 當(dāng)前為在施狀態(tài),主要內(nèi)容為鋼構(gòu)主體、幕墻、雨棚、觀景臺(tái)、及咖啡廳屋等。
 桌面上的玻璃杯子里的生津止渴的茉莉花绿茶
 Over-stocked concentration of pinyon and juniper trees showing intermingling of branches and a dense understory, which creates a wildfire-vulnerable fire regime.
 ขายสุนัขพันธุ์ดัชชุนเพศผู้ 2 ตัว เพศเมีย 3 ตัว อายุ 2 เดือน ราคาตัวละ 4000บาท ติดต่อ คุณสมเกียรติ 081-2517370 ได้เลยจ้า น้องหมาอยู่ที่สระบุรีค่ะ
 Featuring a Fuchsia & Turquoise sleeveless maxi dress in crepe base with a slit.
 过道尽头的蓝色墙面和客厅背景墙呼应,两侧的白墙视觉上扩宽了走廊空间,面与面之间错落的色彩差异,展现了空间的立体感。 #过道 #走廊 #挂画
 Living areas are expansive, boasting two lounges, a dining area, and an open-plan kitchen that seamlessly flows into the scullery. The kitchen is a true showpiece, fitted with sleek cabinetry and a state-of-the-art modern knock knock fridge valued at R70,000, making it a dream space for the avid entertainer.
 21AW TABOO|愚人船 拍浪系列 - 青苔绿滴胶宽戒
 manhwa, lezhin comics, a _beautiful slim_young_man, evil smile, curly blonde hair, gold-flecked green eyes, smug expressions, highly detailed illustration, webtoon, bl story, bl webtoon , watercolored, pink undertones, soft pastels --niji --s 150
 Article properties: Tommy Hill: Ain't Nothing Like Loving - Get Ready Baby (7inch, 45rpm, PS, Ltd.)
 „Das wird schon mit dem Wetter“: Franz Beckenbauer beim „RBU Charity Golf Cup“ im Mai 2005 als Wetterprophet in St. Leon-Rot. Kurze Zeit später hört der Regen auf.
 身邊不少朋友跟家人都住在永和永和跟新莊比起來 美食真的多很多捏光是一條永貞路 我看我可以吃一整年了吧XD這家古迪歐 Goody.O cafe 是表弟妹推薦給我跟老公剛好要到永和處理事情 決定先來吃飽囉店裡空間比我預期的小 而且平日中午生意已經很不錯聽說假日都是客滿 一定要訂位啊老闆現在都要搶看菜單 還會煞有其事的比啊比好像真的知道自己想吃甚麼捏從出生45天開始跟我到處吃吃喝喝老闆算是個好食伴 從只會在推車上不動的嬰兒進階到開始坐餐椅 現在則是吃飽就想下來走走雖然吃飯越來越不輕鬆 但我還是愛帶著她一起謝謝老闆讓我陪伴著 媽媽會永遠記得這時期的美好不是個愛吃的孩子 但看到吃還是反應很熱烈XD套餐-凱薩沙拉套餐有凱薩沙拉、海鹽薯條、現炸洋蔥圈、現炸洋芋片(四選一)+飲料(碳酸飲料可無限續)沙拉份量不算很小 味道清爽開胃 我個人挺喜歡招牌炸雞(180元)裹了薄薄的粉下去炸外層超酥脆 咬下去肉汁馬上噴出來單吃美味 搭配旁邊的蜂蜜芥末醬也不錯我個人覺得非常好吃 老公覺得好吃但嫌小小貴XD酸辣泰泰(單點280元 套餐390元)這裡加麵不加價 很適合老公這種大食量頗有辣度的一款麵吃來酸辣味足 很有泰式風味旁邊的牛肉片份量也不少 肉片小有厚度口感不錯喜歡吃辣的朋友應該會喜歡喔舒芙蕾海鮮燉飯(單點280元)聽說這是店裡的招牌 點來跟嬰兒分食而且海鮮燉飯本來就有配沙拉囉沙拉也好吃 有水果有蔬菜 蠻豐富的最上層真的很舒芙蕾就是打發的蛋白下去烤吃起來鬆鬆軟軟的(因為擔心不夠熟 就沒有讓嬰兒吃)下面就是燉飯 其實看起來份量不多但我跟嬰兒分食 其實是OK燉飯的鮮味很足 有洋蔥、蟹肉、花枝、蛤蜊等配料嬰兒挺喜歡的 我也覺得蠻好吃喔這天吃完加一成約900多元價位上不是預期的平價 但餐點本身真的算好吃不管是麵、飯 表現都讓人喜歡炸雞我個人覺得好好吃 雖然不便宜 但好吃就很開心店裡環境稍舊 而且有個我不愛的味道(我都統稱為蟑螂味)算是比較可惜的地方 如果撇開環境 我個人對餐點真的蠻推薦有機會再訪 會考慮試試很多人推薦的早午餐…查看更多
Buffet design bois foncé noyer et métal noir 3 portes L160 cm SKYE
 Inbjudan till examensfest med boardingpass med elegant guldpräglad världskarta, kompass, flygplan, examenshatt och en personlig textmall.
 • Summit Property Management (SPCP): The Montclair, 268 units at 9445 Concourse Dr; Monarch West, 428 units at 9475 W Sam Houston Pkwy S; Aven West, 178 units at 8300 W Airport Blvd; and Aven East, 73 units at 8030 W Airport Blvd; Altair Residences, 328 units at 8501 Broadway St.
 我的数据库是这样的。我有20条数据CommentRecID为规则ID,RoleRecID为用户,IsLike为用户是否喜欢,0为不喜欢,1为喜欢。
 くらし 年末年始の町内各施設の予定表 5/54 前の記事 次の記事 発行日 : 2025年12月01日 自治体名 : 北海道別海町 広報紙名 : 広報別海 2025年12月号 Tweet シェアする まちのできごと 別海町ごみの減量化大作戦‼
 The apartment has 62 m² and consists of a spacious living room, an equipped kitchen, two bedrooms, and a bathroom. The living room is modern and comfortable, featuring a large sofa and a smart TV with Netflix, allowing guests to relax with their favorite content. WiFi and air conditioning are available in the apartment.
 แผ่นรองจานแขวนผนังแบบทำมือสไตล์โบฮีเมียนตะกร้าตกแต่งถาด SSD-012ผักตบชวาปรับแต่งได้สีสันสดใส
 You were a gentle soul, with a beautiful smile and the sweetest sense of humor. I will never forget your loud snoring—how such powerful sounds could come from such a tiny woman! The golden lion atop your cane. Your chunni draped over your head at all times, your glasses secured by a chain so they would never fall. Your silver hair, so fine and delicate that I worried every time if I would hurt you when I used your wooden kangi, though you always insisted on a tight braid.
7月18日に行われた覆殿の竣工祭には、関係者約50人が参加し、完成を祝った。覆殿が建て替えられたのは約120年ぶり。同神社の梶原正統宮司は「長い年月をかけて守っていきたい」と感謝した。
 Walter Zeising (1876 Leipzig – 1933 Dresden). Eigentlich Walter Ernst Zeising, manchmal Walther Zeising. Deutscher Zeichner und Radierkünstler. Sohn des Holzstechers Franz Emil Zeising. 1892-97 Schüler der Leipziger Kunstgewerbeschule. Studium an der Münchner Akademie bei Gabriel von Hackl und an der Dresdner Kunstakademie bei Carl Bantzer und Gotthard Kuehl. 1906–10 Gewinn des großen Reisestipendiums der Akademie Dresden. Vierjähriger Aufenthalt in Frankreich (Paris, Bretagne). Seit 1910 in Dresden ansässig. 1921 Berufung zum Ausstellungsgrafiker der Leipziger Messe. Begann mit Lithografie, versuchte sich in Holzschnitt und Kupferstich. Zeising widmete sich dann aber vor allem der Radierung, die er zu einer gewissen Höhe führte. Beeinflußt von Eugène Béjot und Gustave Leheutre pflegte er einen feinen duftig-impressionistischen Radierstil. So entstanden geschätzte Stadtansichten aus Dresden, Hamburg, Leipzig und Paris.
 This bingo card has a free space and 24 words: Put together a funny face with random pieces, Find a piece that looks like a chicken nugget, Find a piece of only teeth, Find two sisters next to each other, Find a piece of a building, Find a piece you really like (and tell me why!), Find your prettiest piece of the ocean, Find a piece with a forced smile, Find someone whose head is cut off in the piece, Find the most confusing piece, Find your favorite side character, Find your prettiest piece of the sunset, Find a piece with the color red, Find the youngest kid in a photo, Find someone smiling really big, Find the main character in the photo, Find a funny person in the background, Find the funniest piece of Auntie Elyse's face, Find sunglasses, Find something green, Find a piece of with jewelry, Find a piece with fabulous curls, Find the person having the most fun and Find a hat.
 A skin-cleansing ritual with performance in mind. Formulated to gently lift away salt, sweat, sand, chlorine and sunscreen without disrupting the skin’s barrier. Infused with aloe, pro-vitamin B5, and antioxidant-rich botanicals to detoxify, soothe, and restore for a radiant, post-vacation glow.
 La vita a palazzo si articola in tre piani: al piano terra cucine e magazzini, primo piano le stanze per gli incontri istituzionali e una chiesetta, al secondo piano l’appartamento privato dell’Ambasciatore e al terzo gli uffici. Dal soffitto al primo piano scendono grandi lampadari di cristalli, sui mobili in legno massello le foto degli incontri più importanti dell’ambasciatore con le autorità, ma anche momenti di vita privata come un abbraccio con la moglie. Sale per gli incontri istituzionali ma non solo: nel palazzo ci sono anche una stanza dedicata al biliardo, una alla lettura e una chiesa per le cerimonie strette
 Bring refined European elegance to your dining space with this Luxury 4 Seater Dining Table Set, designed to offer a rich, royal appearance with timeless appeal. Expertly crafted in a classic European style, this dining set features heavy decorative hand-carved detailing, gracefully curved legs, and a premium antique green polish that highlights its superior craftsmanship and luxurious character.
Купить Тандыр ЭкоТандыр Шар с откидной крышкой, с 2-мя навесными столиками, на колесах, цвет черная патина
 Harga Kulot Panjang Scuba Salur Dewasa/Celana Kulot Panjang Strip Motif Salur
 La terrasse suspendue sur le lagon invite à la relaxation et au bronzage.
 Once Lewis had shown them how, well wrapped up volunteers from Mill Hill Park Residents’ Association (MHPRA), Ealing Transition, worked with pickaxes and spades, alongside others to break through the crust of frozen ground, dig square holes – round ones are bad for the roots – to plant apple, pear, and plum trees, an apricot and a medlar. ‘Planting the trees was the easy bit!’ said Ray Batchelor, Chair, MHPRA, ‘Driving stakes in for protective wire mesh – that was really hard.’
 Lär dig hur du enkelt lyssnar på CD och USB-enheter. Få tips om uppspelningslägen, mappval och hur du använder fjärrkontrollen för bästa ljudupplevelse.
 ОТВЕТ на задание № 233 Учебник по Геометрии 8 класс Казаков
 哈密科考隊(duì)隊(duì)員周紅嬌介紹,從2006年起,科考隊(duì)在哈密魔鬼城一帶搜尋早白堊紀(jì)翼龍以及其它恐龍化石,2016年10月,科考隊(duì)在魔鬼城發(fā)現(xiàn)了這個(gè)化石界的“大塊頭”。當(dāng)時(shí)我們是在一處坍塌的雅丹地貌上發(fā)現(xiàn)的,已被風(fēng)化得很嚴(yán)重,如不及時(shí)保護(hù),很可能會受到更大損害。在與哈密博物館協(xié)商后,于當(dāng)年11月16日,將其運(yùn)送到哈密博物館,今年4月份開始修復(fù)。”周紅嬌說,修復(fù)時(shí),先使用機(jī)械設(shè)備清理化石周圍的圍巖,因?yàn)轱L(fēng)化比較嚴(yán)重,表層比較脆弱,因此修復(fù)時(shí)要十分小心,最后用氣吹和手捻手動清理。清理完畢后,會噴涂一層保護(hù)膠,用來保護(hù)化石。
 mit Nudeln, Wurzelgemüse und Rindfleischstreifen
+ + +
* About this task: Go through the records and count the lines that include the string "dāng"; state that number alone.

* Task result: 2